Begin the copy at the line containing "A 9ct gold edwardian" in the data below and end it at the line containing "Čaše su prodavane", keeping each line exact and leaving out pictures.

● **Dataset extract**:
------------------------------------
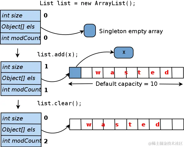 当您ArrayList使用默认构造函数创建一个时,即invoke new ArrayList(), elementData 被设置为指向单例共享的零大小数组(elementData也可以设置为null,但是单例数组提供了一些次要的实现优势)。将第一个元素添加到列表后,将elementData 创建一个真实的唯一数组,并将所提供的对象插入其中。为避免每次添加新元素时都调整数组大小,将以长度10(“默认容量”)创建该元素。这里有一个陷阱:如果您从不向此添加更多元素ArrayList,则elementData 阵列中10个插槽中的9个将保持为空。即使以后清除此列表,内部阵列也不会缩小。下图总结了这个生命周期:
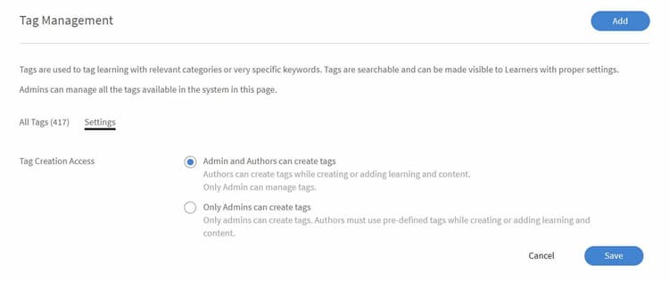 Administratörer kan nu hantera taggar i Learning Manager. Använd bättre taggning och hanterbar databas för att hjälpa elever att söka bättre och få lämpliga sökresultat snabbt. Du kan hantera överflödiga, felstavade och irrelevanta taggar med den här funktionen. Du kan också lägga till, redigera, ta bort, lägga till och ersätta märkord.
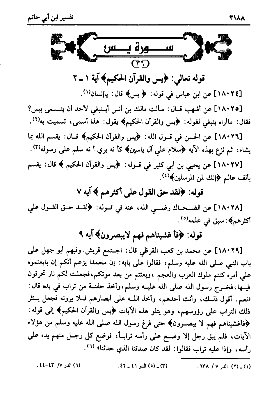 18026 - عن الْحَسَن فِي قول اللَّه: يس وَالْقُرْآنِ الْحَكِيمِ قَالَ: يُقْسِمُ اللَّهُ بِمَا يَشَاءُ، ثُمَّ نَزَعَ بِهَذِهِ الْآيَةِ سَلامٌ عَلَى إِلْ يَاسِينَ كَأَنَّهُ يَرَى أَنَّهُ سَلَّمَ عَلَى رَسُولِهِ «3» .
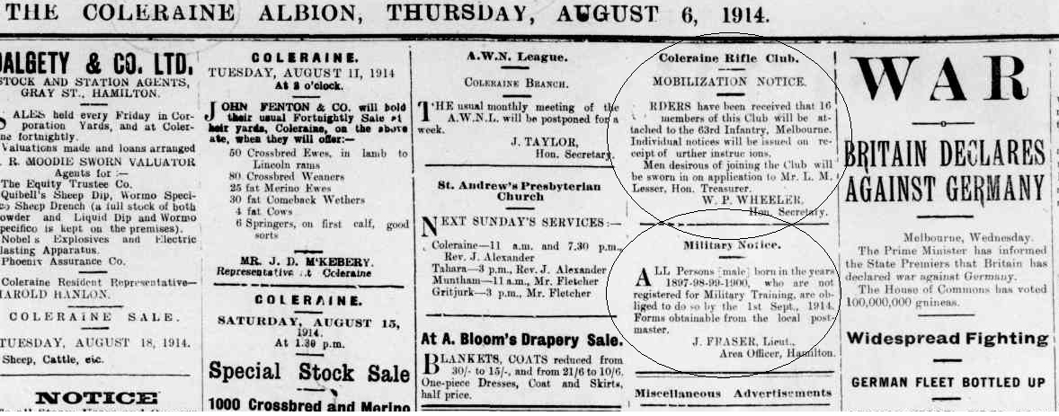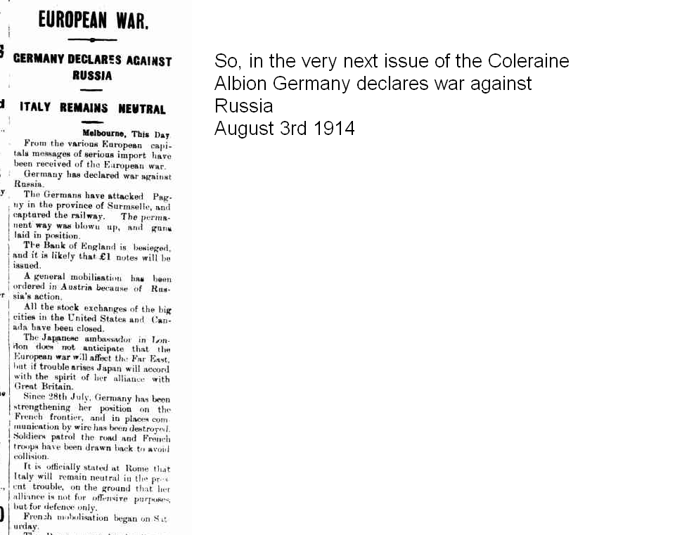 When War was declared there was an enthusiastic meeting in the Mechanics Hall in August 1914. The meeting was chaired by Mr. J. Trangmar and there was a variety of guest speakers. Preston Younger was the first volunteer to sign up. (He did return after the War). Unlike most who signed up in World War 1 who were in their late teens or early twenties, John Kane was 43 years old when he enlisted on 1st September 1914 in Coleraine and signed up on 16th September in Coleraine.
------------------------------------
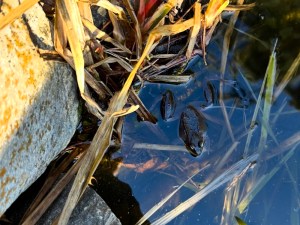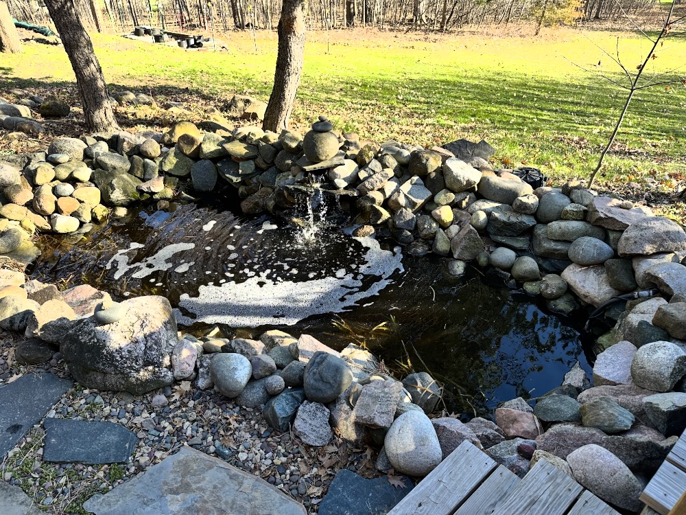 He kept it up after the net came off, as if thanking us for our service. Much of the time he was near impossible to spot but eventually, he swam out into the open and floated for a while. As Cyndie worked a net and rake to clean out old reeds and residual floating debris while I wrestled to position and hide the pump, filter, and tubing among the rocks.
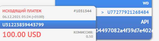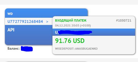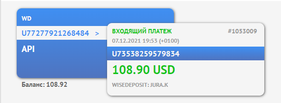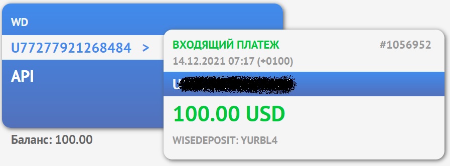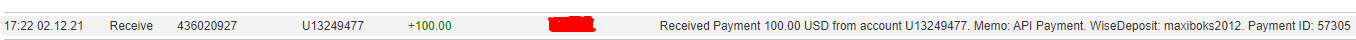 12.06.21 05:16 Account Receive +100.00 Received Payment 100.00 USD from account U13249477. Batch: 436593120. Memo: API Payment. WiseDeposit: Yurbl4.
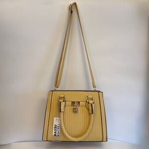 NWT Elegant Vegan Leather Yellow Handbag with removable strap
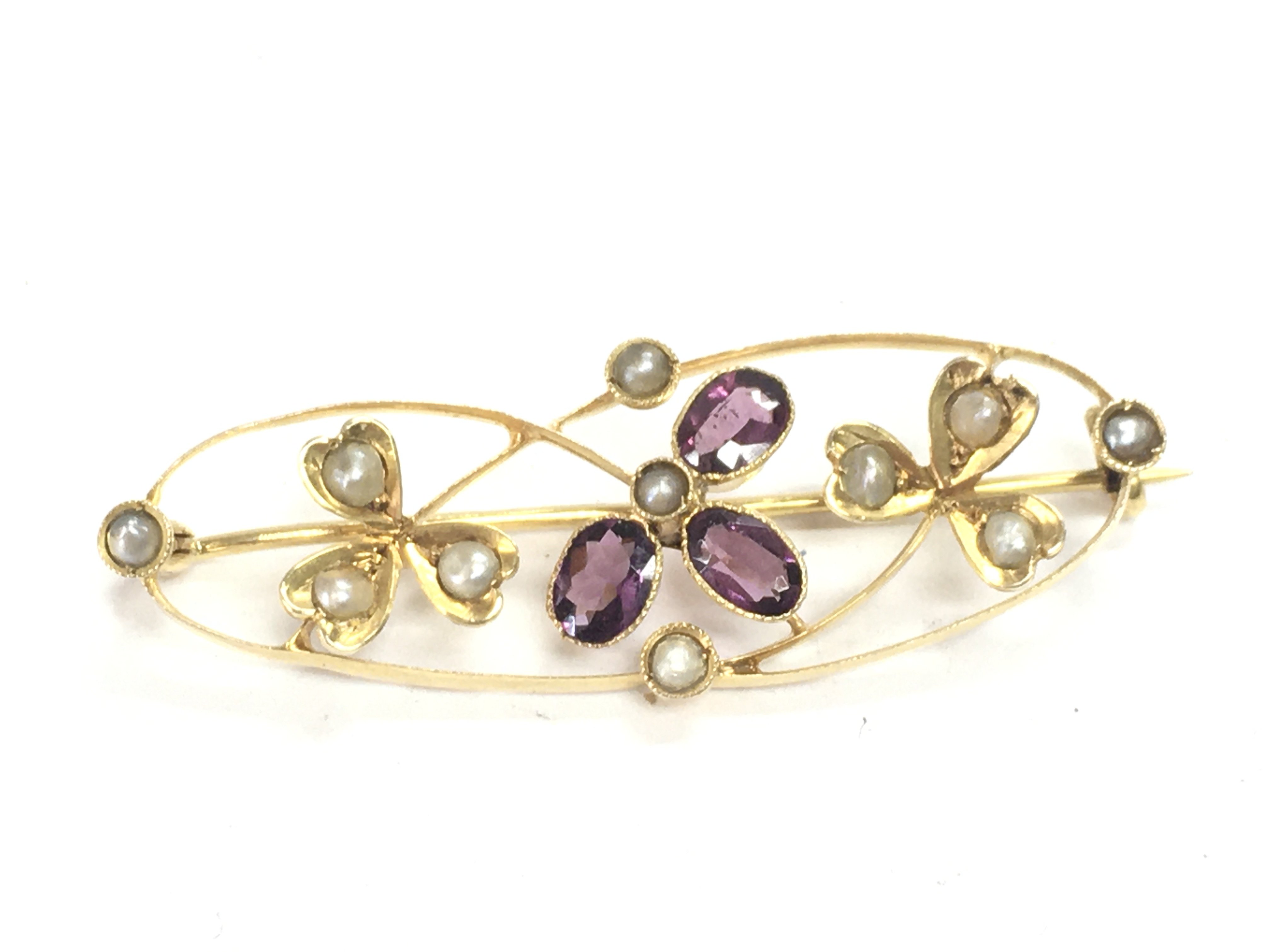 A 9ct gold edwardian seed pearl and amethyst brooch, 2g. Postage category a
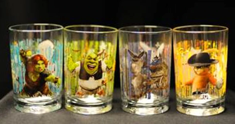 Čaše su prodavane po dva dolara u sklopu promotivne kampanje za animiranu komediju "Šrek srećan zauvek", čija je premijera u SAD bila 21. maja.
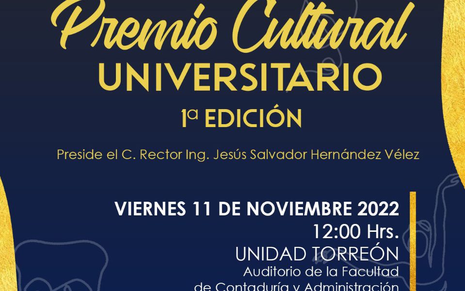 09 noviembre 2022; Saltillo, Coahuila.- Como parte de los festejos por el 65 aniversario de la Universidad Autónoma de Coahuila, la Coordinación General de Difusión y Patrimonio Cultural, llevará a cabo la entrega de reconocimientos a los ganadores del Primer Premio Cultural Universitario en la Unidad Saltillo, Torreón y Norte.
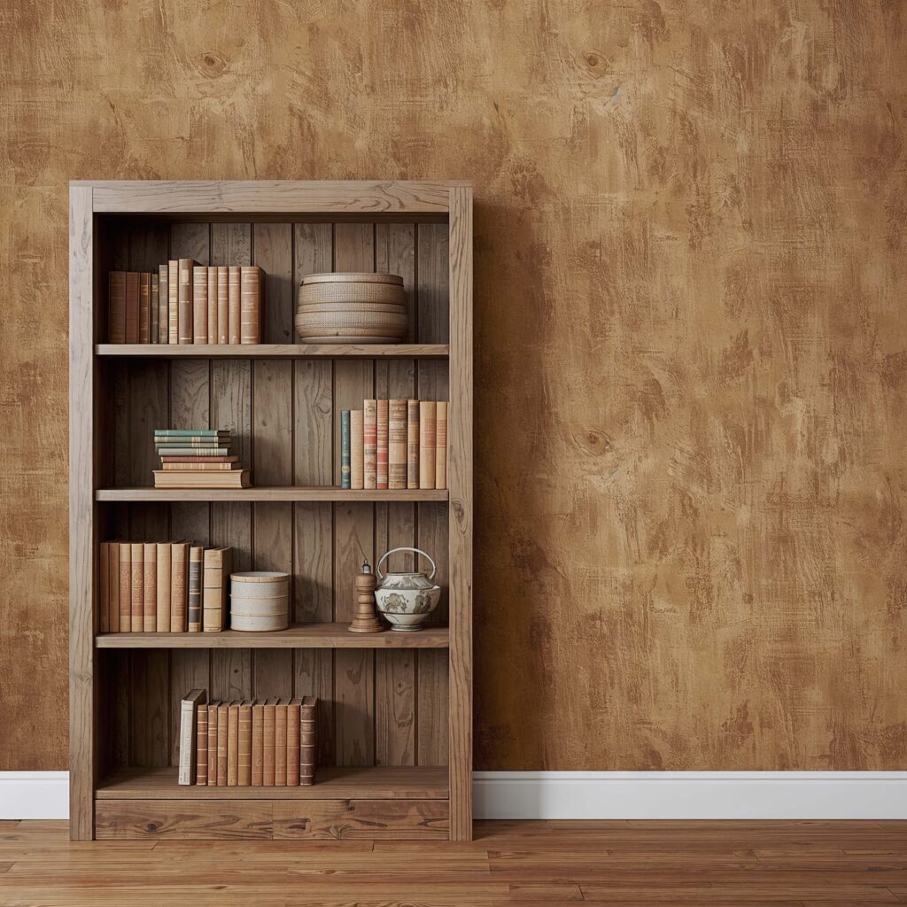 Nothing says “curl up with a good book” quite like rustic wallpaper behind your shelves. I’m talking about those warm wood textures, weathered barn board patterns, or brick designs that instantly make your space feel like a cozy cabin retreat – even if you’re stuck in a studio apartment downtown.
------------------------------------
● **Response**:
 A 9ct gold edwardian seed pearl and amethyst brooch, 2g. Postage category a
 Čaše su prodavane po dva dolara u sklopu promotivne kampanje za animiranu komediju "Šrek srećan zauvek", čija je premijera u SAD bila 21. maja.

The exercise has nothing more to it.